** Source information follows **

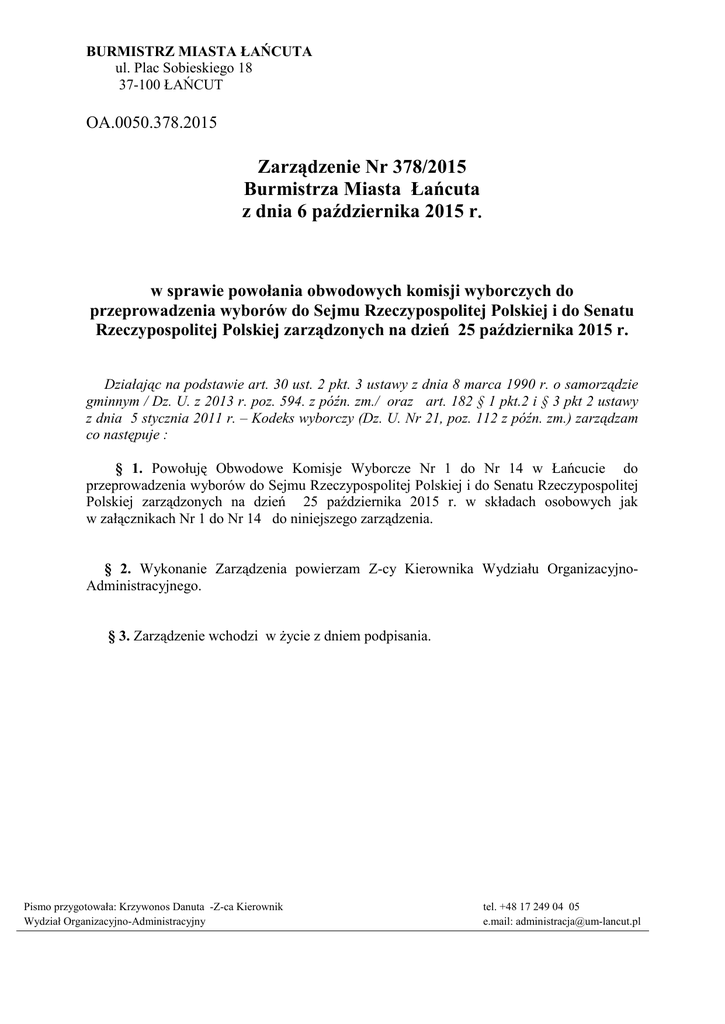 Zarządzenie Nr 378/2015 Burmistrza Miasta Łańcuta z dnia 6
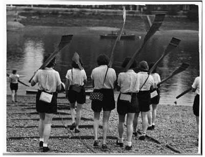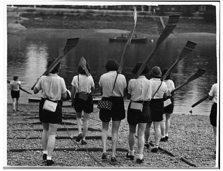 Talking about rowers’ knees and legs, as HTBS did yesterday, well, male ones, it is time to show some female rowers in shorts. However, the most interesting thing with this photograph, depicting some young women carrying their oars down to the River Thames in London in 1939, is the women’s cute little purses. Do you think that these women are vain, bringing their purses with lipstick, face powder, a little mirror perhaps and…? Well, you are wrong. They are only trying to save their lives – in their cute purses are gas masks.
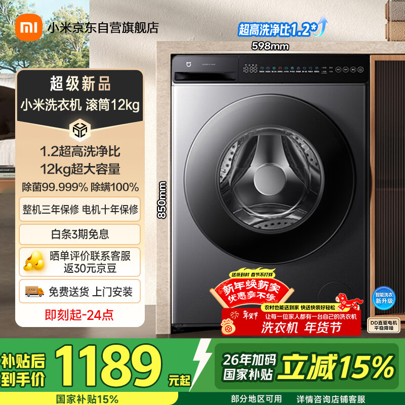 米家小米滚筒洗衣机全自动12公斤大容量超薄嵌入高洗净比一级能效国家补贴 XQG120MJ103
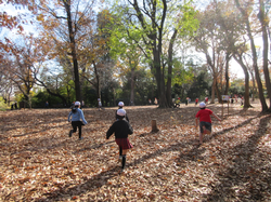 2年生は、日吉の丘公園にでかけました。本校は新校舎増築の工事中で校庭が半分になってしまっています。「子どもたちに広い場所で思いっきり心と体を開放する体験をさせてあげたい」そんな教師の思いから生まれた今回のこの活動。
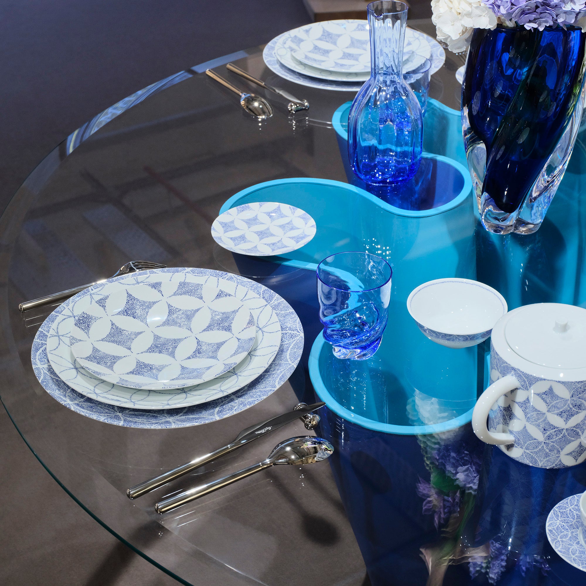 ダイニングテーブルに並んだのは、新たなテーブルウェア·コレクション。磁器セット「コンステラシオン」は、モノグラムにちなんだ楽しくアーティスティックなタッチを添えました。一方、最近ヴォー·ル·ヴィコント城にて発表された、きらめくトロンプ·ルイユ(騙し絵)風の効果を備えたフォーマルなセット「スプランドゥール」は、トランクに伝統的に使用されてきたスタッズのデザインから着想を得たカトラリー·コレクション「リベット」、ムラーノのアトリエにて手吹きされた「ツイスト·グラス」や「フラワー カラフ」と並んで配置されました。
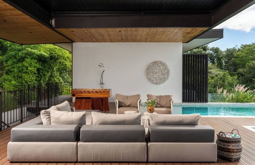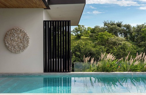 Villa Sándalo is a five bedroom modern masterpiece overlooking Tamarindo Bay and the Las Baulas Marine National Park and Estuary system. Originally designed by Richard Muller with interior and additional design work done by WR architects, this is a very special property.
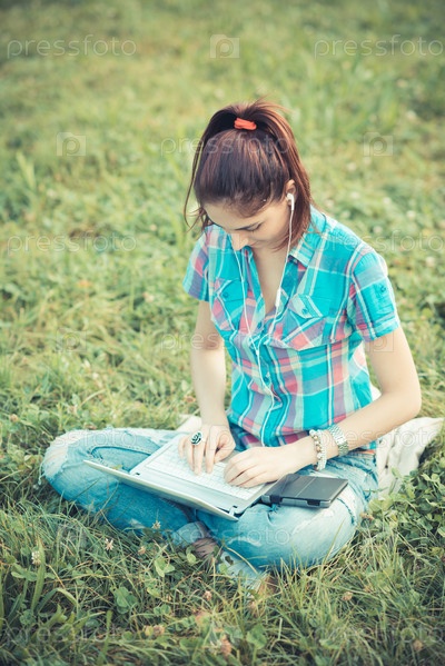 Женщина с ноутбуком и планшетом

** End of Source information **

Produce an exact reprint of the entries, dropping the images.

Response:
 Zarządzenie Nr 378/2015 Burmistrza Miasta Łańcuta z dnia 6
 Talking about rowers’ knees and legs, as HTBS did yesterday, well, male ones, it is time to show some female rowers in shorts. However, the most interesting thing with this photograph, depicting some young women carrying their oars down to the River Thames in London in 1939, is the women’s cute little purses. Do you think that these women are vain, bringing their purses with lipstick, face powder, a little mirror perhaps and…? Well, you are wrong. They are only trying to save their lives – in their cute purses are gas masks.
 米家小米滚筒洗衣机全自动12公斤大容量超薄嵌入高洗净比一级能效国家补贴 XQG120MJ103
 2年生は、日吉の丘公園にでかけました。本校は新校舎増築の工事中で校庭が半分になってしまっています。「子どもたちに広い場所で思いっきり心と体を開放する体験をさせてあげたい」そんな教師の思いから生まれた今回のこの活動。
 ダイニングテーブルに並んだのは、新たなテーブルウェア·コレクション。磁器セット「コンステラシオン」は、モノグラムにちなんだ楽しくアーティスティックなタッチを添えました。一方、最近ヴォー·ル·ヴィコント城にて発表された、きらめくトロンプ·ルイユ(騙し絵)風の効果を備えたフォーマルなセット「スプランドゥール」は、トランクに伝統的に使用されてきたスタッズのデザインから着想を得たカトラリー·コレクション「リベット」、ムラーノのアトリエにて手吹きされた「ツイスト·グラス」や「フラワー カラフ」と並んで配置されました。
 Villa Sándalo is a five bedroom modern masterpiece overlooking Tamarindo Bay and the Las Baulas Marine National Park and Estuary system. Originally designed by Richard Muller with interior and additional design work done by WR architects, this is a very special property.
 Женщина с ноутбуком и планшетом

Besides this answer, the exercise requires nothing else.